PM refusing to say whether Home Affairs boss survives
Andrew Brown and Alex Mitchell |
The prime minister is refusing to say whether sidelined Home Affairs secretary Michael Pezzullo is likely to remain in his post.
Mr Pezzullo has stood aside while an urgent investigation takes place into leaked text messages he sent to a Liberal Party insider.
A trove of texts exposed by Nine Entertainment showed Mr Pezzullo repeatedly inserting himself into the political process over a five-year period, lobbying for his department and pushing his personal views, in breach of public service standards.
Anthony Albanese was grilled about the senior public servant during a press conference on Tuesday but refused to say whether he would survive.
“We will have the inquiry that’s been established through the Public Service Commissioner,” he said in Adelaide.
“We will not respond to the detail before that inquiry, but I see it as an urgent matter.
“You have an independent inquiry so that you hear from the inquiry not so that you pre-empt it. That’s what we’re doing.”
Liberal senator Simon Birmingham said it was unlikely Mr Pezzullo would return to his position.
“He deserves the right to have a proper process but clearly the odds are stacked against in terms of the concerns that are being weighed,” he told Sky News.

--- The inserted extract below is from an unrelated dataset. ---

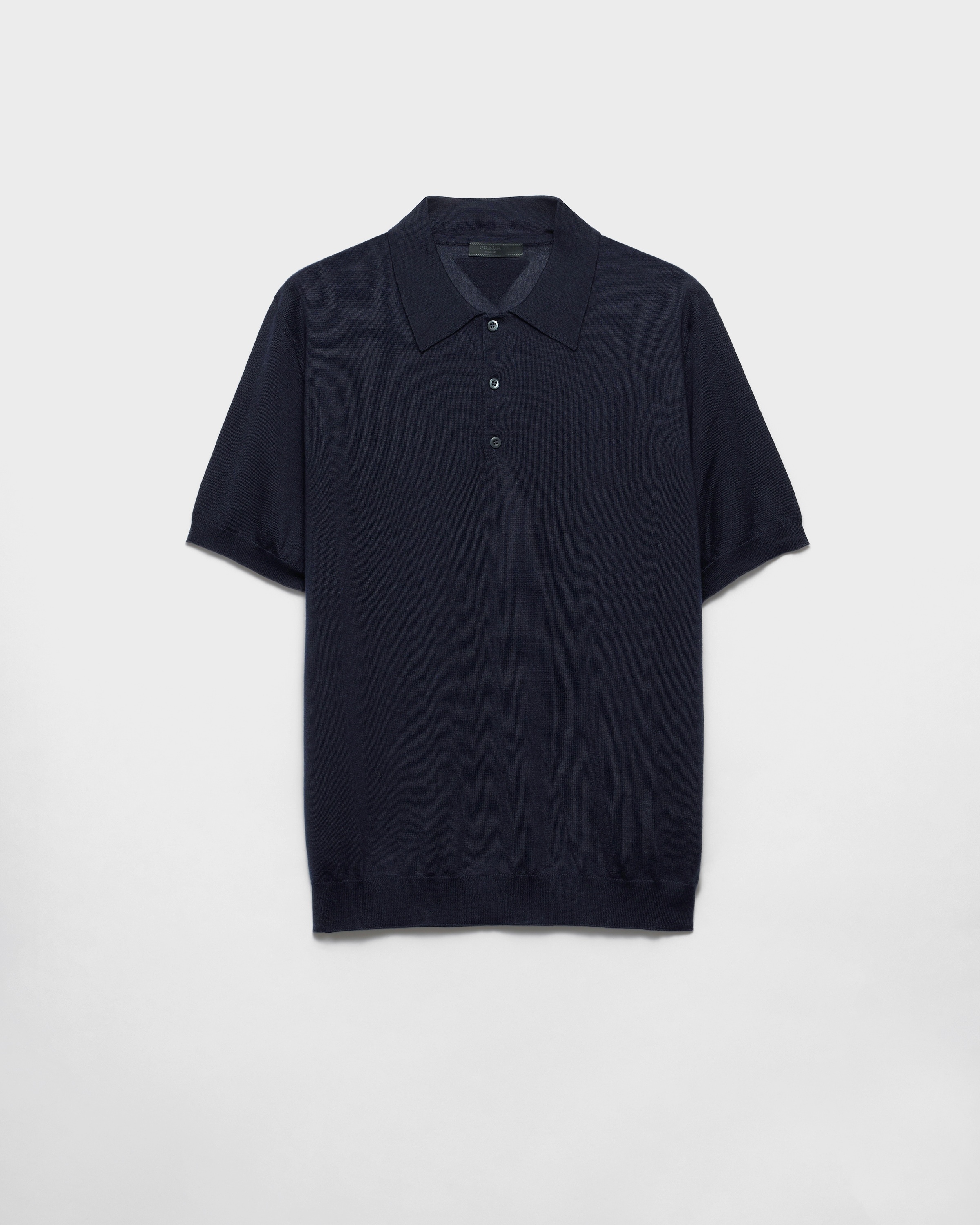 Sleek, contemporary lines define this cashmere and silk polo shirt embellished with the iconic geometric shape of the triangle logo. - Product code: UMF027_0B8_F0008_S_OOO - Plain knit - Regular fit - Ribbed knit collar - Raglan shoulder - Ribbed knit cuffs and hem - Knit triangle logo - Front button closure - Imported - The model is 190 cm tall and wears a size 48 Height: 66cm MATERIALS Main material: 30% silk 70% cashmere

Nationals senator Bridget McKenzie praised Mr Pezzullo’s work but said the boundaries between politics and public service needed to be observed.

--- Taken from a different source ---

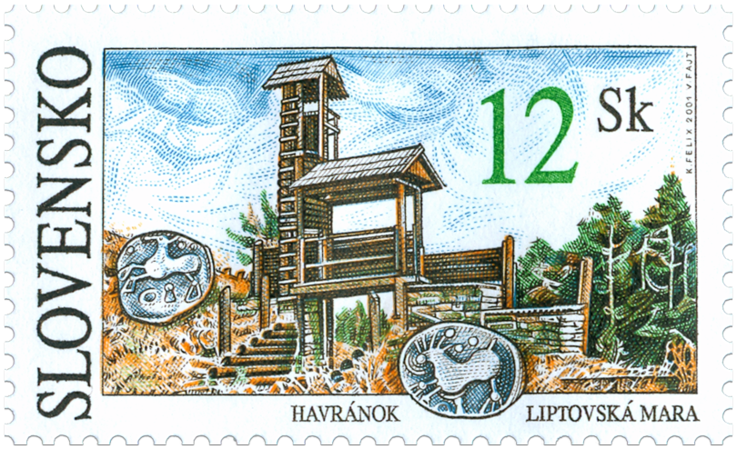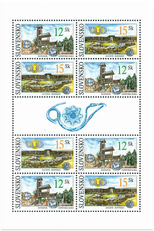 Archeologická lokalita Liptovská Mara - Havránok v zaniknutej obci (zaplavenej pri budovaní vodnej nádrže) v chotári Liptovskej Sielnice, nález pokladu bronzových predmetov z mladšej doby bronzovej, hradisko z mladšej laténskej doby, sídlisko z veľkomoravskej doby. Známka: pohľad na časť archeologickej lokality s rekonštrukciou vnútorného opevnenia s bránou (brána halového typu s pozorovateľňou) - prvé desaťročia prvého storočia n.l. (počiatok doby rímskej), mince keltského typu z Liptovskej Mary. FDC: pohľad na časť archeologickej lokality s rekonštrukciou obytného dvojpriestorového domu (3.-1. stor. pred n.l.), v popredí keramika z expozície, hore zobrazené typy keltských mincí. Pečiatka: kostolík z Liptovskej Mary Na medzipolí tlačového listu...

Media union boss Karen Percy said reports of Mr Pezzullo pushing the government to criminalise reporting on whistleblower-sourced stories were particularly alarming.
“D-notices have been used during wartime on rare occasions for the protection of national security … but Australia is not at war and there is no justification for their use now,” she said.
“This is just one example of a very disturbing problem that goes beyond one man … successive governments have done little to improve press freedom and as a consequence, we have seen Australia’s slip in world rankings.”